Problem: I'd like the full listing transcribed exactly, with no images included.

Source information:

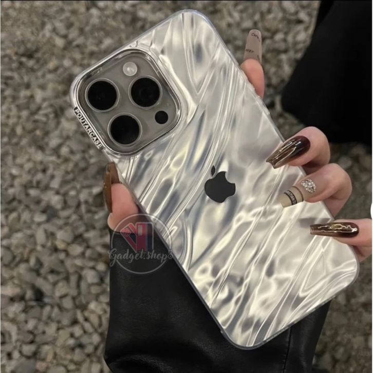 ( HARGA PROMO ) Metalic Hologram Dazzle Wave Case Logo IPHONE X XR XS MAX 11 12 13 14 15 PRO MAX 14+ 15+ PLUS Hologram W
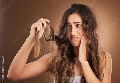 Obraz premium Hair loss, crisis and worried woman in studio for beauty, messy and damage against brown background. Haircare, fail and sad girl frustrated with weak, split ends or alopecia, dandruff and isolated
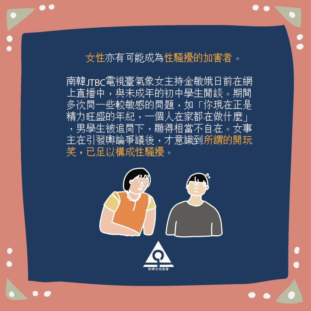 女性亦有可能成為性騷擾的加害者。根據韓聯社報導,南韓JTBC電視臺氣象女主持金敏娥日前在網上直播中,與未成年的初中學生閒談。期間多次問一些較敏感的問題,如「你現在正是精力旺盛的年紀,一個人在家都在做什麼」,男學生被追問下,顯得相當不自在。女事主在引發輿論爭議後,才意識到所謂的開玩笑,已足以構成性騷擾。
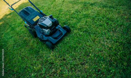 Fototapeta premium A lawn mower sits on a freshly cut lawn, ready for use in a well-maintained...
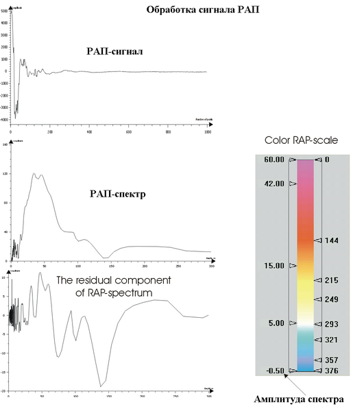 Вычисление частотно-фазовых характеристик сигнала выполняется при помощи программы РАП, обработка и построение геомеханических разрезов – при помощи интегрированной системы компьютерной обработки, визуализации геофизических данных – GDPS. В настоящее время для обработки результатов РАП разработан и применяется программный комплекс «PRIMA», позволяющий получать предварительный геомеханический разрез по профилю наблюдений в течении 2 – 5 минут после получения информации, накопленной аппаратурным комплексом «РАП».
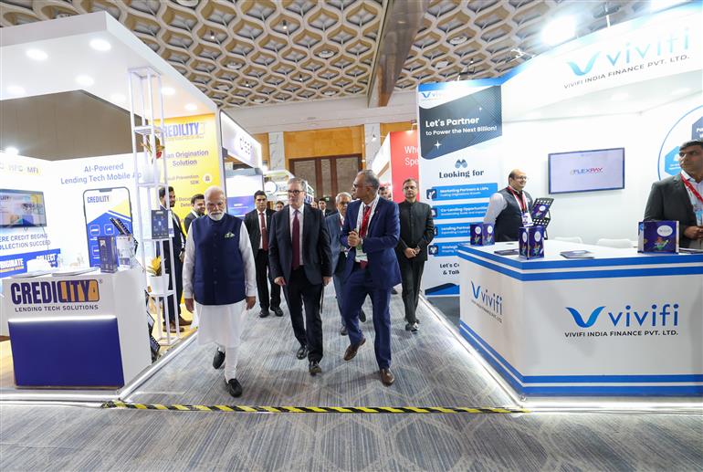 PM visits exhibition at Global Fintech Fest 2025, Jio World Center, in Mumbai, Maharashtra on October 09, 2025.
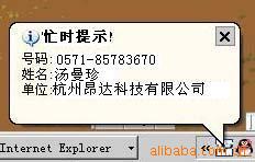 这个时候在电脑的右下角弹出一个忙时提示框框,显示来电人的号码、姓名和单位。
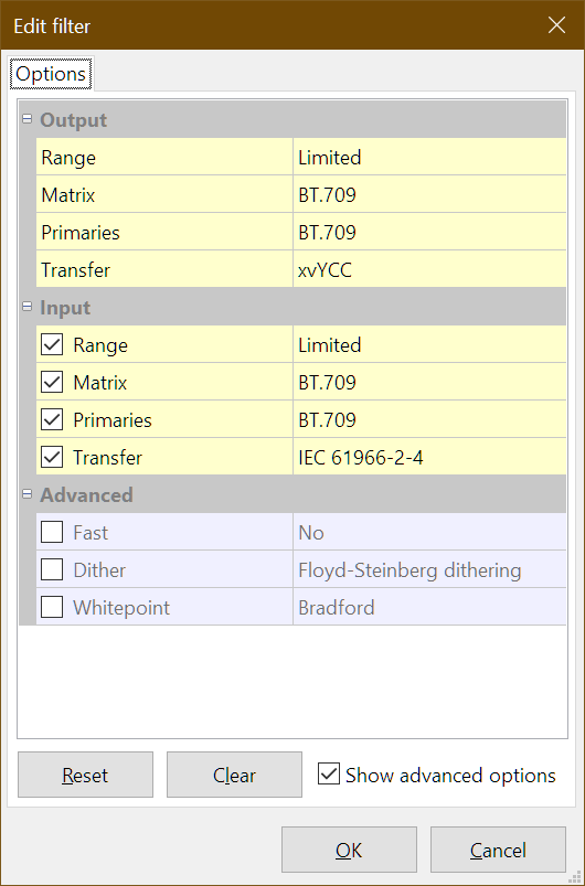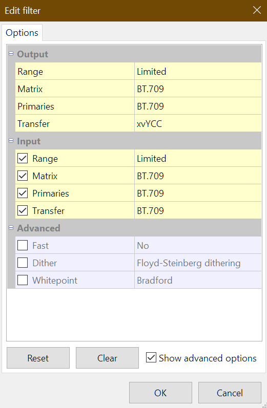 Now I have to set the input filters to BT709/XVYCC as well, and only then will the rendered file be correct.
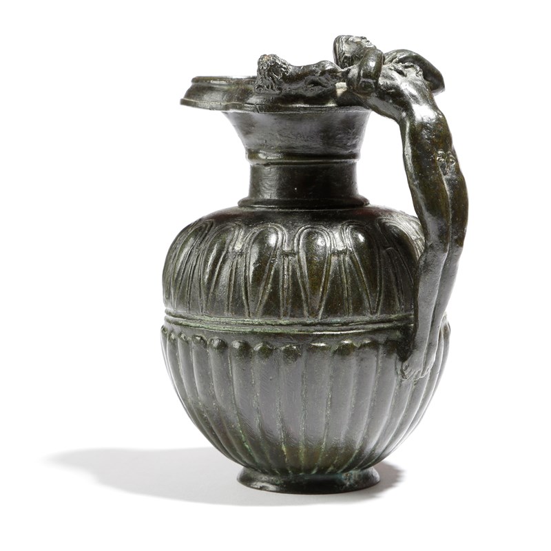 After the antique. A 19th century Italian bronze Grand Tour model of an Etruscan ewer, the handle in the form of a man flanked by a pair of recumbent lions, with a lobed body, 16.3cm high.

Answer for the task:
 ( HARGA PROMO ) Metalic Hologram Dazzle Wave Case Logo IPHONE X XR XS MAX 11 12 13 14 15 PRO MAX 14+ 15+ PLUS Hologram W
 Obraz premium Hair loss, crisis and worried woman in studio for beauty, messy and damage against brown background. Haircare, fail and sad girl frustrated with weak, split ends or alopecia, dandruff and isolated
 女性亦有可能成為性騷擾的加害者。根據韓聯社報導,南韓JTBC電視臺氣象女主持金敏娥日前在網上直播中,與未成年的初中學生閒談。期間多次問一些較敏感的問題,如「你現在正是精力旺盛的年紀,一個人在家都在做什麼」,男學生被追問下,顯得相當不自在。女事主在引發輿論爭議後,才意識到所謂的開玩笑,已足以構成性騷擾。
 Fototapeta premium A lawn mower sits on a freshly cut lawn, ready for use in a well-maintained...
 Вычисление частотно-фазовых характеристик сигнала выполняется при помощи программы РАП, обработка и построение геомеханических разрезов – при помощи интегрированной системы компьютерной обработки, визуализации геофизических данных – GDPS. В настоящее время для обработки результатов РАП разработан и применяется программный комплекс «PRIMA», позволяющий получать предварительный геомеханический разрез по профилю наблюдений в течении 2 – 5 минут после получения информации, накопленной аппаратурным комплексом «РАП».
 PM visits exhibition at Global Fintech Fest 2025, Jio World Center, in Mumbai, Maharashtra on October 09, 2025.
 这个时候在电脑的右下角弹出一个忙时提示框框,显示来电人的号码、姓名和单位。
 Now I have to set the input filters to BT709/XVYCC as well, and only then will the rendered file be correct.
 After the antique. A 19th century Italian bronze Grand Tour model of an Etruscan ewer, the handle in the form of a man flanked by a pair of recumbent lions, with a lobed body, 16.3cm high.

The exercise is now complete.